Unnamed: 0,0,1,2,3,4,5,6,7,8,9
0,105,0,0,0,0,0,0,0,0,0
1,0,128,0,0,0,0,0,1,0,1
2,0,0,91,0,0,0,0,0,0,0
3,0,0,0,116,0,0,0,0,1,1
4,0,0,0,0,106,0,0,1,0,1
5,0,0,0,0,0,95,0,0,0,1
6,0,0,0,0,1,1,110,0,0,0
7,0,0,0,2,1,0,0,127,0,0
8,0,0,0,0,0,0,1,0,119,1
9,1,0,0,0,0,0,0,0,1,111


**Observation**: Very few mistakes. The digit seven is being misclassified as three in 2 instances.  

**decision tree**: Accuracy: 0.92 (0.90, 0.93)

**random forest**: Accuracy: 0.97 (0.96, 0.98)

**gradient boosting**: Accuracy: 0.99 (0.98, 0.99)



## Takeaway

The performances of random forests and gradient boosting are comparable.  Both boosting strategies significantly improve performance in both of our high-dimensional domains.
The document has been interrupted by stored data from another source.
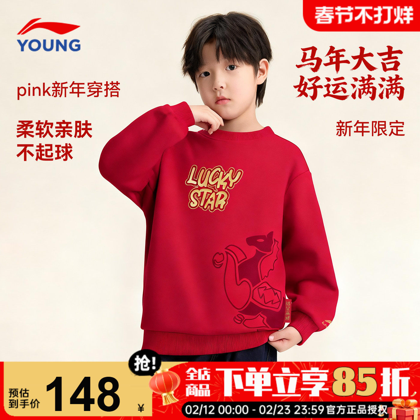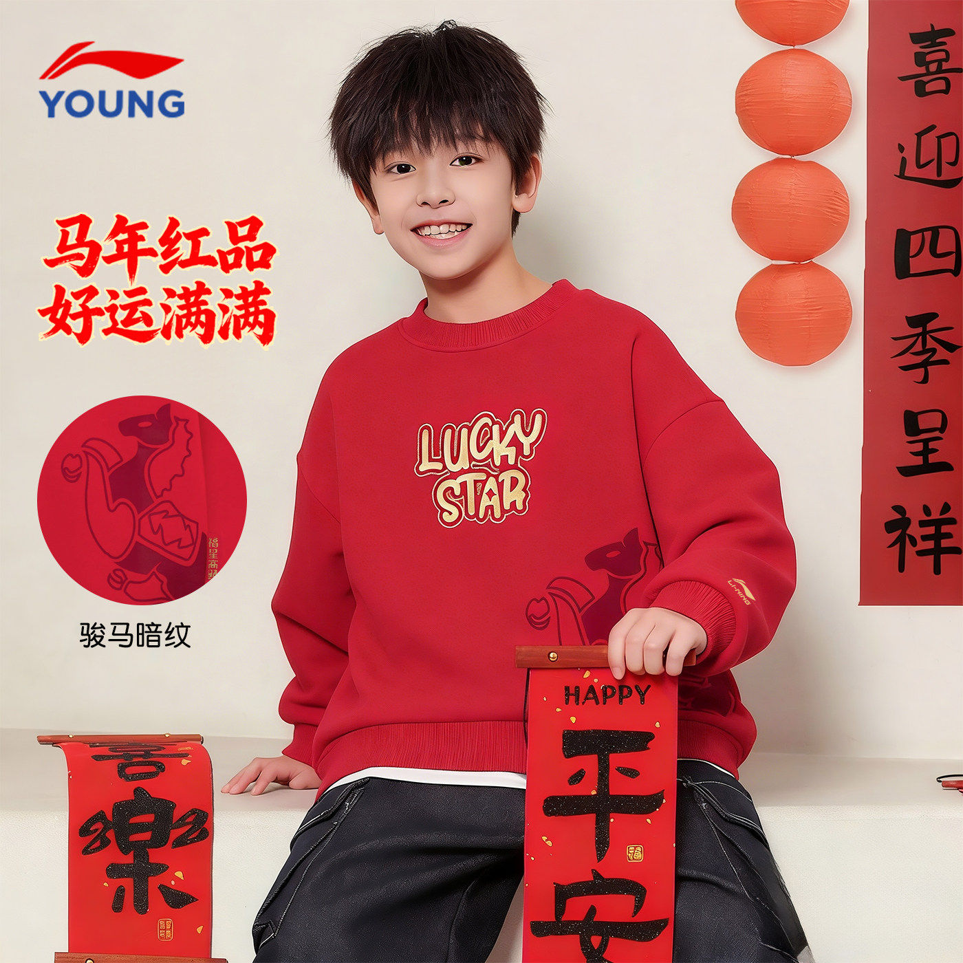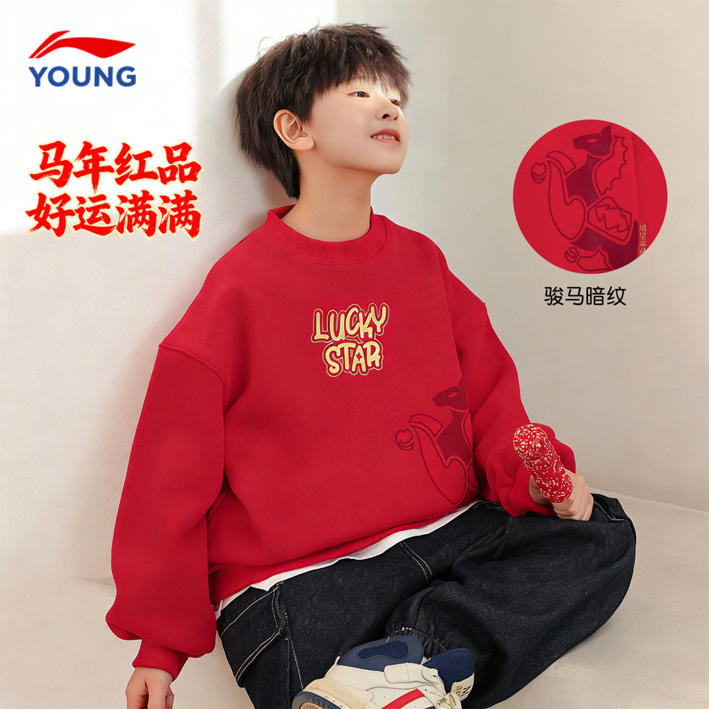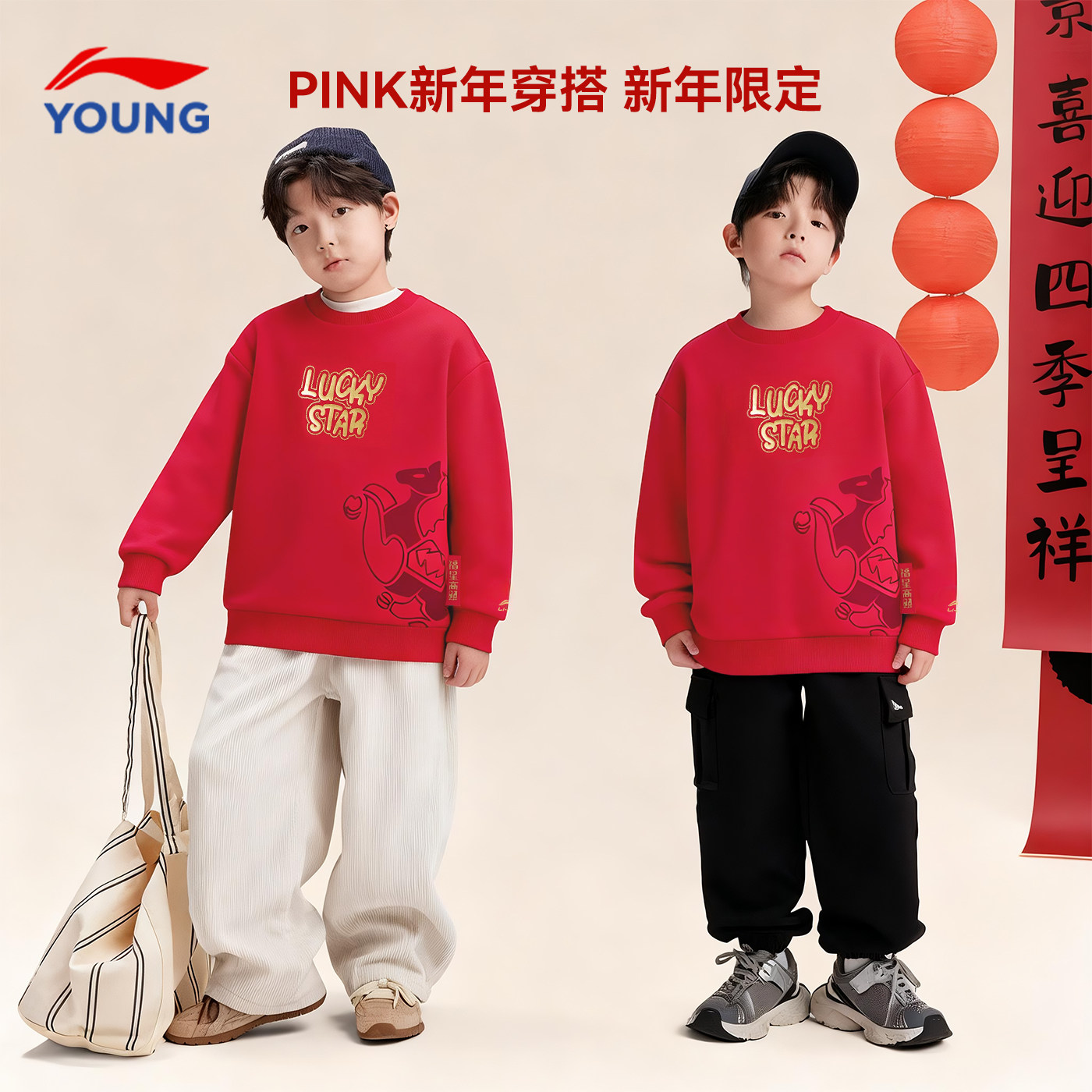 📚 商场同款|李宁儿童红色卫衣男童本命年新年衣服2026马年内搭上衣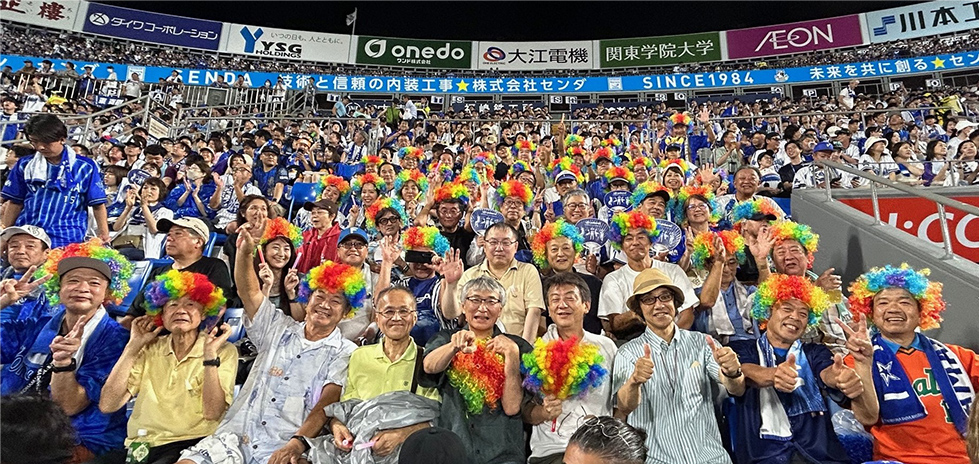 団体席でペンライトやお揃いのレインボウアフロヘアで目立たせたことが奏功して、場内の大型ビジョンやTVKの実況中継に映りこむことにも成功しました。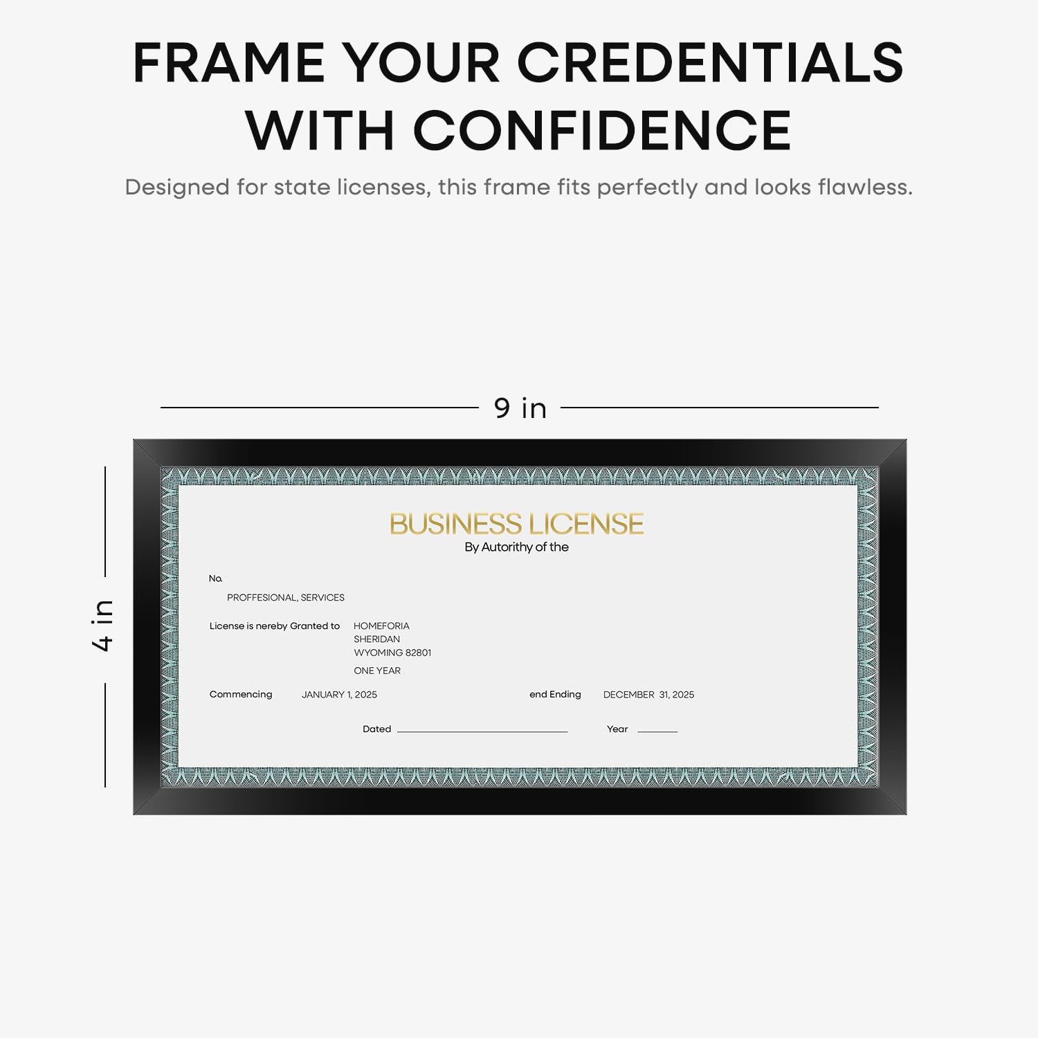 Homeforia 4x9 Business License Frame Black, High End Metal 4 x 9 Certificate Frames with Real Glass, 9x4 Document Frames for Wall or Tabletop, 4 by 9 Picture Frames, Tempered Glass, Wall Kit, Set of 1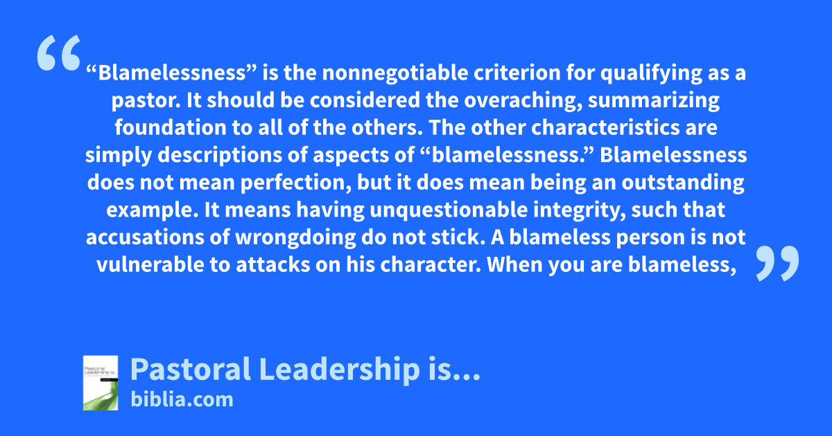 “Blamelessness” is the nonnegotiable criterion for qualifying as a pastor. It should be considered the overaching, summarizing foundation to all of the others. The other characteristics are simply descriptions of aspects of “blamelessness.” Blamelessness does not mean perfection, but it does mean being an outstanding example. It means having unquestionable integrity, such that accusations of wrongdoing do not stick. A blameless person is not vulnerable to attacks on his character. When you are blameless,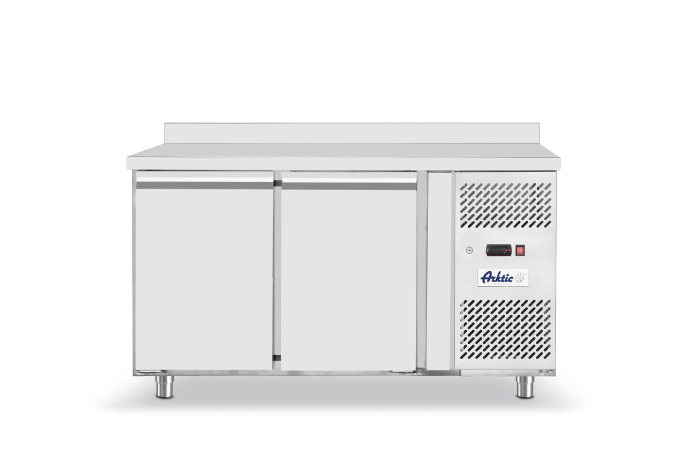 Työtaso kahdella kylmäkaapilla. Valmistettu korkealaatuisesta ruostumattomasta teräksestä (paitsi takaulkoseinä galvanoitua terästä). Sisältää kaksi säädettävää hyllyä 330x545 mm. Embraco kylmäkone. Puhallin jäähdytys. Digitaalinen näyttö. Suunniteltu toimimaan max. +43°C ympäristolämpotilassa. Kylmäaine R600a. Mitat: 1360x700x(H)850mm. Lämpotila-alue: -2 /+8 °C. Sähkö: 230V/250W.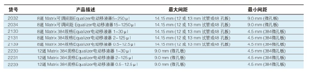 商品名稱:Matrix Equailizer電動多道可調間距移液器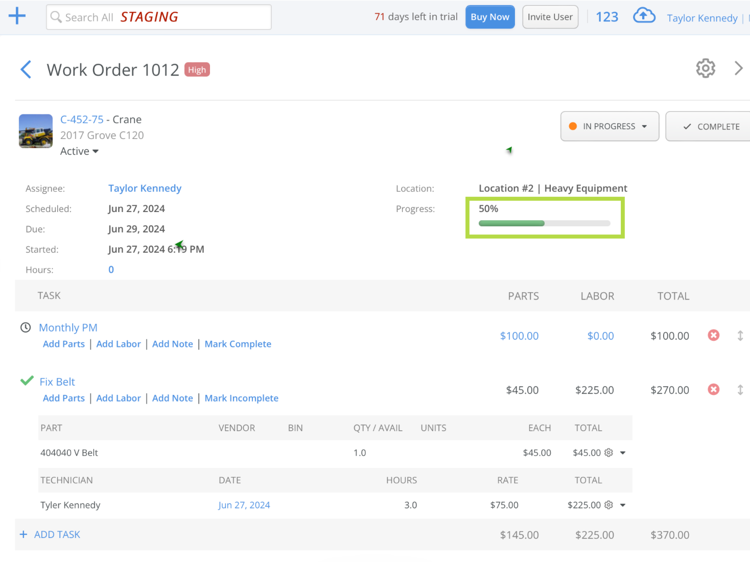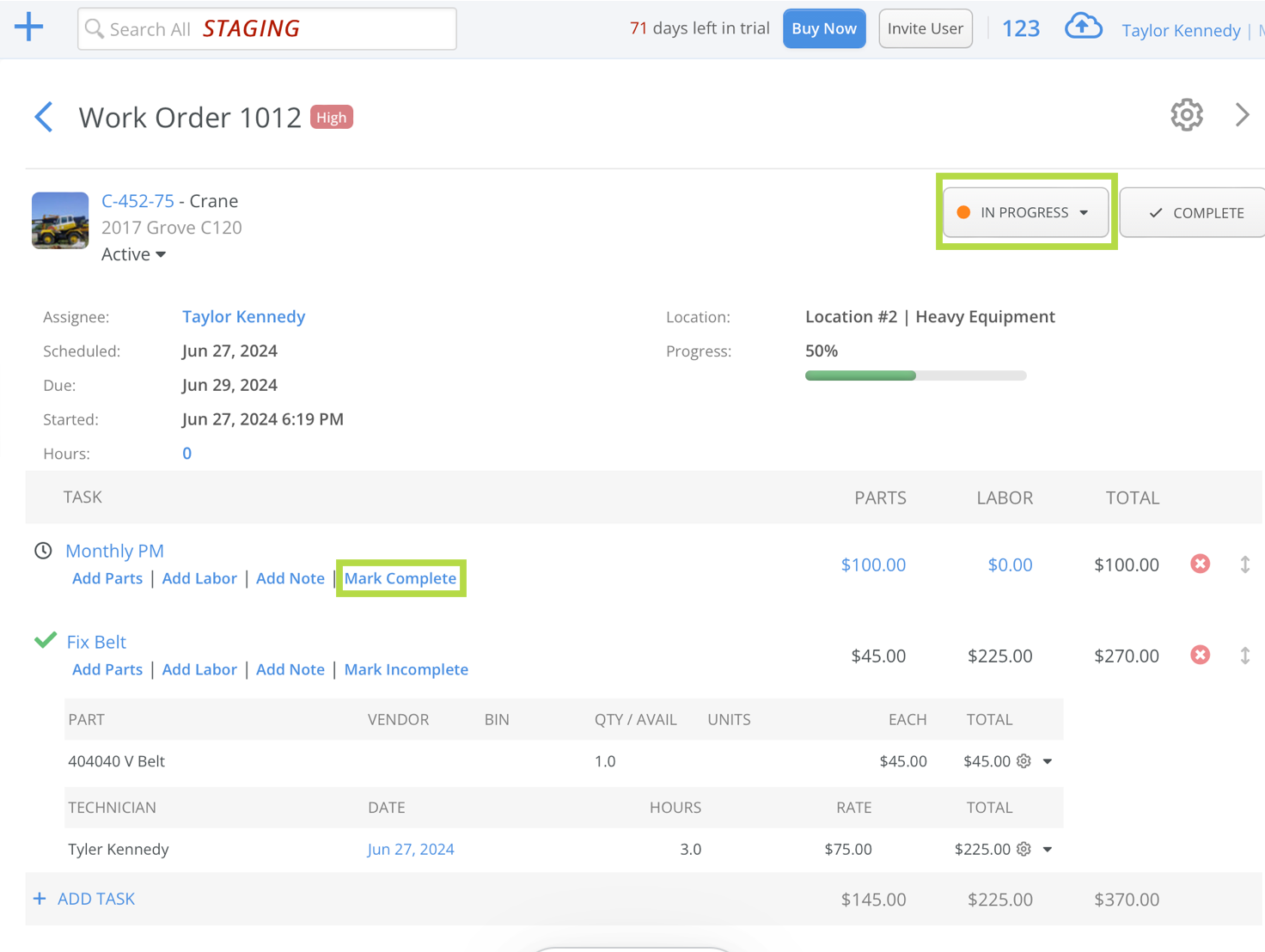 Once Mark Complete is clicked for any task, the Work Order status will automatically update to In Progress on the top right. A green check will appear to the left of the task name, showing that this particular task has been done. If a task was accidentally marked as completed, it can quickly be changed back to incomplete.

Again, boosting models are too complex and take too long to train to be able to implements an effective grid search strategy.  Unfortunately, there are no nice rules of thumb to implement here.  **Perhaps the best approach is to start with the default of 100 'n_estimators' and then increase this value steadily until performance levels off or until training time becomes too prohibitive.**

# Ensemble Techniques and Regression

All the ensemble models discussed here are also available as regression models in sklearn: **RandomForestRegressor** and **GradientBoostingRegressor**.